Josh: can you look at this? Thanks!
This test was last modified on May 15th by bug 561596, Dave Yeo - can you please take a look?
Assignee: nobody → daveryeo
(In reply to comment #11) > This test was last modified on May 15th by bug 561596, Dave Yeo - can you > please take a look? http://hg.mozilla.org/mozilla-central/rev/6f0fe1119d4b doesn't modify any test. This bug was filed on the 14th, but the patch in bug 561596 didn't land until the 15th.
I took my information from: http://hg.mozilla.org/mozilla-central/annotate/6f0fe1119d4b/modules/plugin/test/mochitest/test_crashing2.html apologies if I misinterpreted, but that seems to indicate the bug I mentioned.
(That link is what "HG Blame" links to for the file, fwiw)
(In reply to comment #13) > I took my information from: > > http://hg.mozilla.org/mozilla-central/annotate/6f0fe1119d4b/modules/plugin/test/mochitest/test_crashing2.html > > apologies if I misinterpreted, but that seems to indicate the bug I mentioned. That was just telling you what was the tipmost revision at the time you looked (independent of whether it touched that file). (I'm not saying the UI makes sense, I'm just saying that's what the information you were looking at was trying to tell you.)
The test hasn't changed since January: http://hg.mozilla.org/mozilla-central/log/6f0fe1119d4b/modules/plugin/test/mochitest/test_crashing2.html I think this is most likely related to josh's removal of the default plugin. Josh, could you look into this?
Assignee: daveryeo → joshmoz
I'm looking into it.
I wasn't able to reproduce but this code in the test appears to be the problem: // The plugin will now crash when it is instantiated, but // that happens asynchronously. HACK: this should use an // event instead of nested pending runnables, but I don't // know of any DOM event that's fired when a plugin is // instantiated. SimpleTest.executeSoon(function() { SimpleTest.executeSoon(function() { ok(p.setColor === undefined, "Plugin should have crashed on creation"); window.frameLoaded = reloaded1; iframe.contentWindow.location.replace('crashing_subpage.html'); }) }); There is a race here, and I suspect the test fails when the race results in "p.setColor" throwing an exception rather than simply an undefined value. Prior to my patch both possible race conditions probably resulted in the undefined value. The difference is probably the fact that "nsObjectLoadingContent::GetTypeOfContent" can now return 'eType_Null' for a crashed plugin, instead of eType_Plugin. The "ok(p.setColor === undefined..." test appears to simply be verifying that the plugin crashed. If that is the case, it probably needs to be a better test. We could simply consider an exception to be an acceptable alternative to the undefined value, either one indicating a crashed plugin. It shouldn't be too hard to fix this problem one way or another. If we can't decide on a solution quickly we should just disable it and file a bug.
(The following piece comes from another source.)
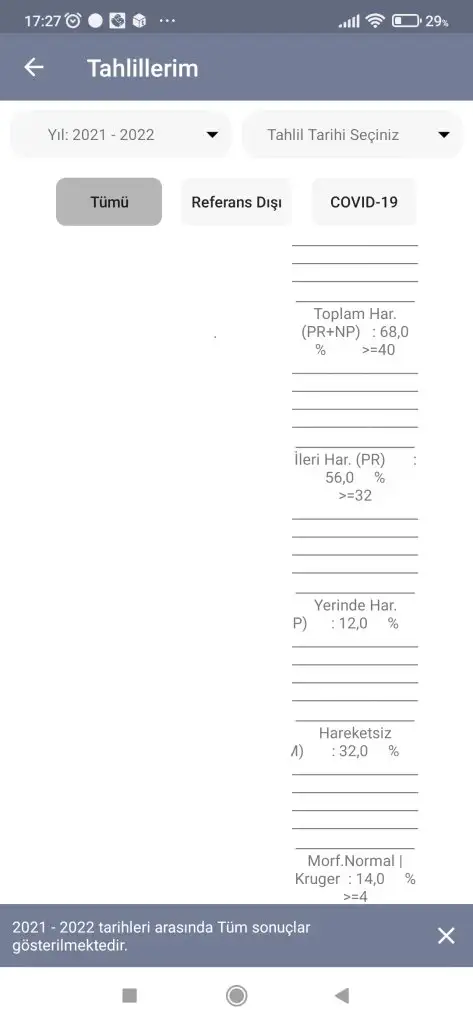 Mikroskop 5-6 yuvarlak hücre motilite %25 sayı 40milyon /mm3 miktar 5ml renk krem ph alkali kıvam hafif yoğun sizce nasıl sonuçları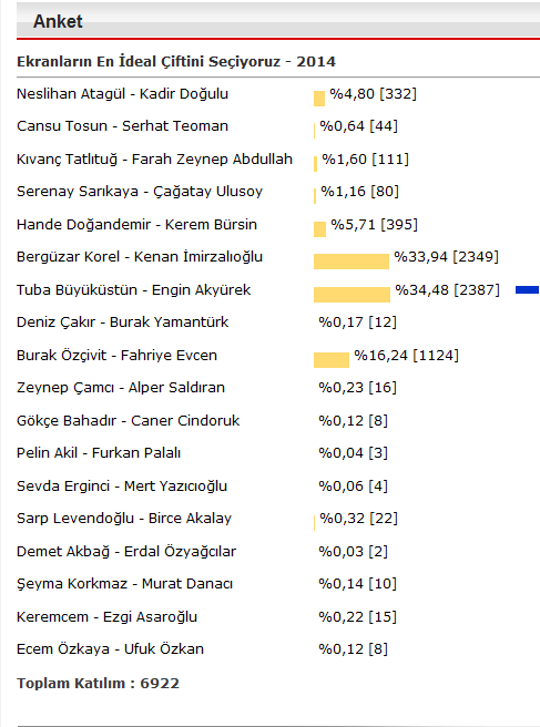 Приключила е още една анкета: "Идеалната екранна двойка за 2014 г. е Енгин Акюрек - Туба Бюйюкюстюн".

.setColor should definitely be undefined eventually: the prototype object should be unhooked when the plugin crashes, and no matter whether it's eType_Plugin or eType_Null there's nothing that should throw an exception by the time we're in a stable state. What exactly is racing, in your scenario? I really believe that the nested .executeSoon, although ugly, should be deterministic.
Attached file manual test 1.0 (deleted) —
I think this HTML test case shows what is going wrong on the tinderbox, but I can't be sure because I can't reproduce with the actual test. First it prints whether or not 'setFocus' is equal to 'undefined' for two plugins, the test plugin and an unknown plugin. It is always false for the test plugin, true for the unknown plugin. The it crashes the test plugin and immediately tests whether 'setFocus' is equal to 'undefined' again. This always throws an exception. WARNING: Failed to send message!: file /Volumes/MozillaBuilds/10_6/ff_193_debug_32/dom/plugins/PluginScriptableObjectParent.cpp, line 219 JavaScript error: file:///Users/josh/Desktop/test.html, line 9: Error calling method on NPObject! After that, you can run the test again by clicking the button on the page. When clicking the button there is no exception, the comparison comes out true every time. This difference has to do with timing or scope, I don't know which one. Strangely, if you navigate away from this test HTML after clicking the button a few times, the browser will crash after about 10 seconds, usually with a bad memory access. This seems like a different bug.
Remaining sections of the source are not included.